Thomas Wadsworth (1630–1676) was an English presbyterian minister, an ejected nonconformist after 1662.

==Life==
The son of Thomas Wadsworth, he was born in the parish of St. Saviour's, Southwark, on 15 December 1630. His father was close to Samuel Bolton, who held a lectureship at St Saviour's as well as being Master of Christ's College, Cambridge; and in 1647 Thomas entered Christ's College. There his tutors were Peter Harrison and William Owtram. He was scholarly, religiously inclined, and joined an academic club for philosophical study and devotional exercises.

Having graduated B.A. in 1650–1, Wadsworth was called home by his father's last illness. Elected Fellow in 1652 of Christ's, he graduated M.A. in 1654, and then resigned his fellowship on Bolton's advice, accepting a call to minister at St. Mary's, Newington Butts, Surrey. The rectory had been filled by Henry Langley on the sequestration of James Meggs; Langley was followed by John Morton, on whose death the parish was divided on the question of his successor; each section independently petitioned parliament in favour of Wadsworth, who was appointed on 16 February 1653. He was ordained by the eighth London classis in the church of St Mary Axe. He gained a reputation preacher and catechist.

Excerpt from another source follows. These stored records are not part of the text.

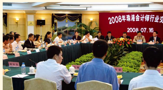
珠海及香港會計師行業交流會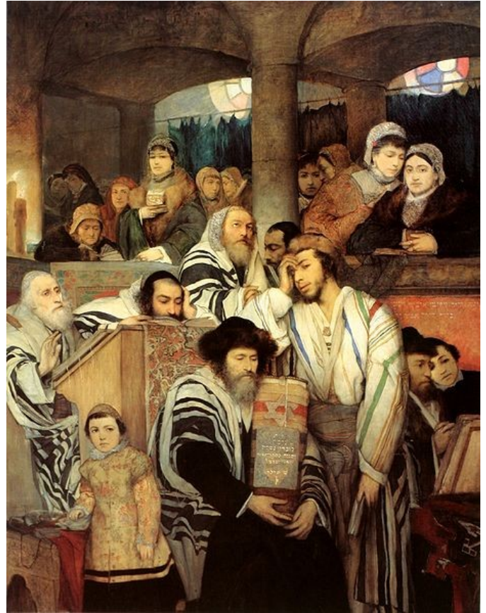
Joden biddend in de synagoge op Yom Kipoer; Mauryc Gottlieb, 1878.

Alle gebeden staan in het teken van inkeer, en mannen dragen soms een wit doodskleed (kittel of sargenes), als symbool voor onschuld of zuiverheid, en om aan onze sterfelijkheid te herinneren. De kleden in de sjoel zijn al vanaf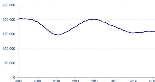
Aantal ontvangen vacatures in de laatste 12 maanden

De bovenstaande grafiek toont voor elke maand het aantal tijdens de voorbije twaalf maanden ontvangen vacatures. De seizoensinvloeden worden daardoor uitgeschakeld en de trend wordt duidelijker.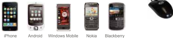
iPhone Android Windows Mobile Nokia Blackberry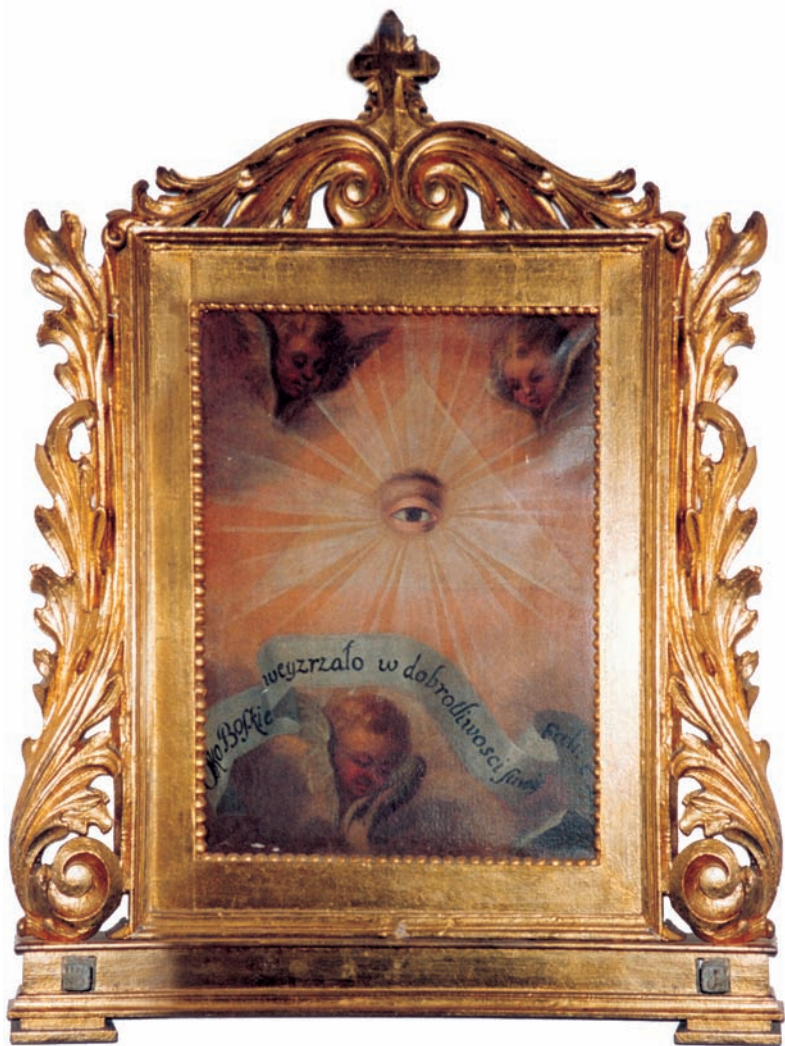
Gora Kalwaria (Marianki) — la imagen del Ojo de la Providencia de Dios, pintada en 1750. El Padre Papczynski le atribuía con frecuencia la fundación de su comunidad religiosa a la Divina Providencia.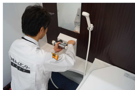
【取り付け・交換代行サービス】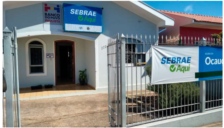
Posto do Sebrae Aqui de Ocaçu, onde as inscrições para o curso podem ser feitas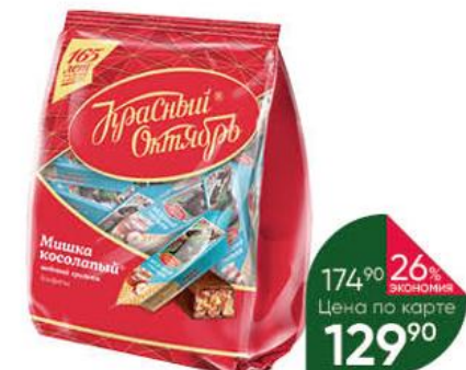
Конфеты КРАСНЫЙ ОКТЯБРЬ Мишка косопалый медовый грильяж, 200 г

174 90 26% ЭКОНОМИЯ Цена по карте 129 90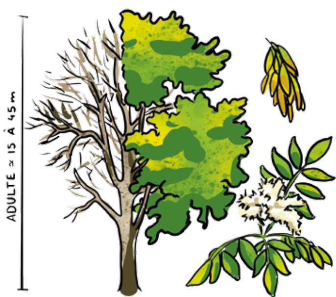
Frêne ( Fraxinus excelsior )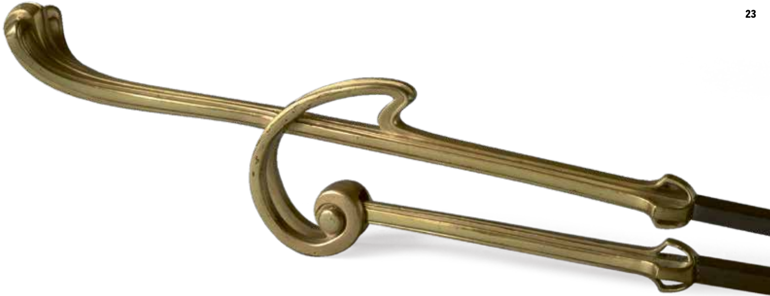
Victor Horta, vuurstang, ca. 1900 HORTAMUSEUM, SINT-GILLIS (BRUSSEL)

verwant met de symbolistische lyriek van de Franse art nouveau. Hij vat het motto van zijn kunstenaarsvereniging Les Nabis in 1890 treffend samen in de welbekende zin: “Bedenk dat een schilderij, voordat het een krijgspaard, een vrouwelijk naakt of een genrescène is, in de eerste plaats een plat oppervlak is met kleuren in een bepaalde ordening.” In zijn behangontwerp kronkelen treinen als rupsen tussen zacht slingerende lijnen. De moderne maatschappij en een dromerige natuur versmelten in elkaar.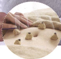
Akupunktur und Moxibustion in der Schwangerschaft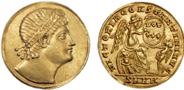
Солид императора Константина I Великого (лат. Flavius Valerius Constantinus ), посвященный 30-летию его правления. Монетный двор Никомедия.

В 1586 г. при разборе фундамента Латеранской базилики (базилики Святого Иоанна Крестителя) в Риме был найден клад из 125 поздних римских и византийских солидов. Эта базилика является старейшей и старшей по рангу из 4 великих патриарших базилик вечного города. Ее строительство было начато в октябре 312 г., еще до легализации христианства Миланским эдиктом, и завершено в 318 г. [11, с. 1517]. Базилика несколько раз восстанавливалась после войн и стихийных бедствий [11, с. 1518]. В 1586 г. на месте старого Латерана была возведена новая летняя папская резиденция по проекту архитектора Доменико Фонтана (1543–1607), тогда и были обнаружены монеты. Хронологические рамки латеранского клада – от императора Феодосия I Великого (379–395) до императора Восточной Римской империи Ираклия I (610–641). На аверсе монет представлены портреты правителей-христиан. На реверсе – крупным планом крест на Голгофе или небольшие изображения символа государственной религии – креста как детали оформления композиции оборота солида [14, р. 788].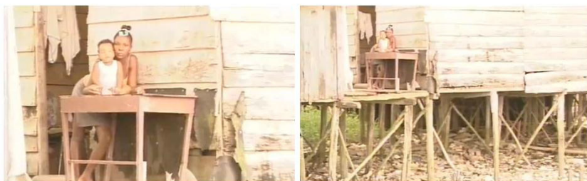
IMAGEN 3. Papel del Zoom en la construcción de sentido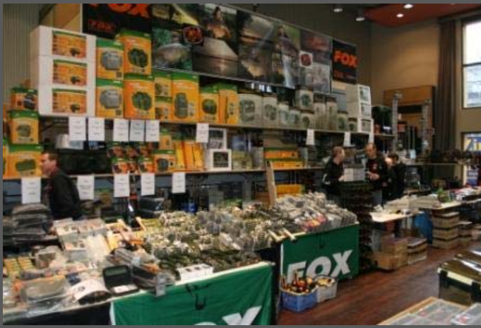
M&R und FOX sind in Speyer nicht mehr wegzudenken.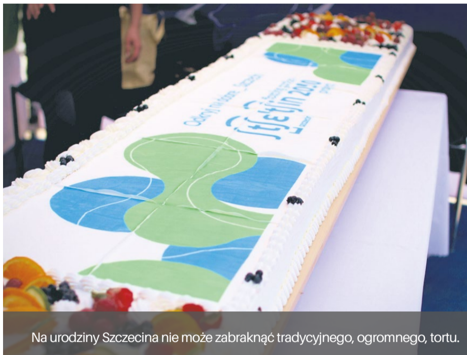
Na urodziny Szczecina nie może zabraknąć tradycyjnego, ogromnego, tortu.

Oczywiście, nie może także zabraknąć akcentów historycznych, nawiązujących do pierwszych lat powojennych Szczeci-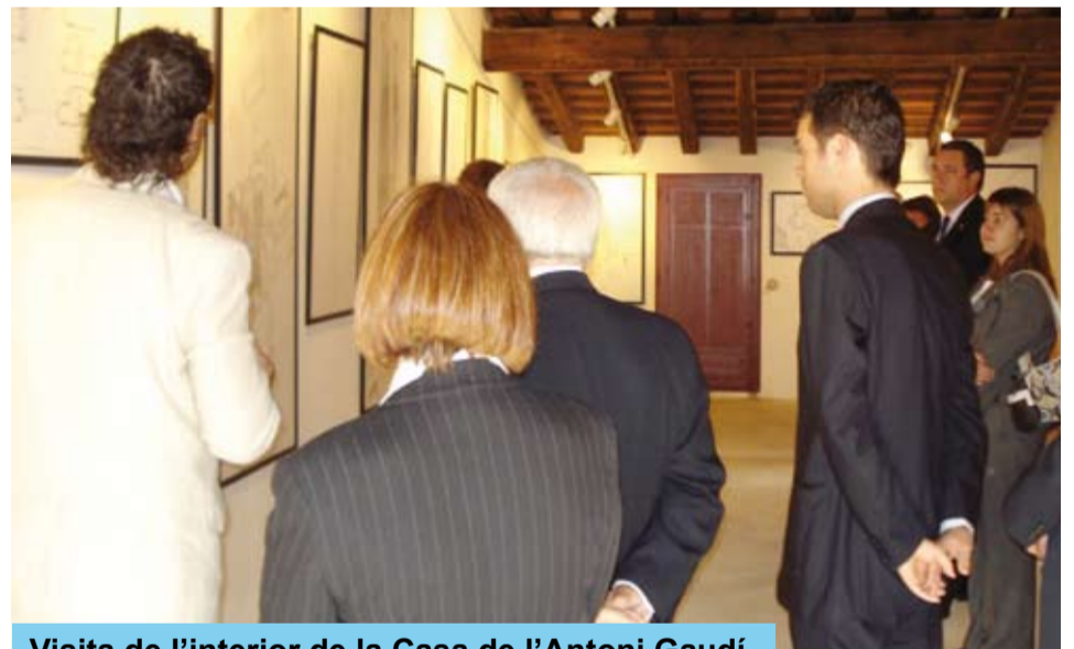
Visita de l'interior de la Casa de l'Antoni Gaudí

En aquest sentit, el Patronat Municipal de Turisme i Comerç de Reus vetllarà perquè hi hagi material informatiu de l'Epicentre Gaudí de Riudoms a l'Oficina de Turisme del Gaudí Centre. De la mateixa manera, la Regidoria de Cultura de Riudoms disposarà de material promocional del Gaudí Centre a l'Epicentre Gaudí.

On August 1660, after the English Restoration, Meggs claimed the living; Wadsworth resigned on 29 September. He retained a Saturday morning lectureship at St Antholin's, and a Monday evening lectureship at St Margaret, Fish Street Hill. The parishioners, who were the patrons of the perpetual curacy of St Laurence Pountney, presented him to that living, with a lectureship at St John the Baptist's. He held it till the Act of Uniformity 1662, preaching his farewell sermon on 23 August, the day before the act came into force.

Moving to Theobalds in the parish of Cheshunt, Hertfordshire, he preached privately there, and, also privately to a section of his old flock at Newington Butts, taking no salary. He continued his works during the plague of 1665. After the Great Fire of 1666 he preached in a timber building erected in Deadman's Place, Southwark, where he was assisted by Andrew Parsons (1616–1684). He still continued to reside and preach at Theobalds, where in 1669 he was returned as keeping a conventicle along with Robert Bragge (1627–1704), and where he took out a license (1 May 1672) under the Royal Declaration of Indulgence, as a presbyterian teacher in the house of Jonathan Pritman.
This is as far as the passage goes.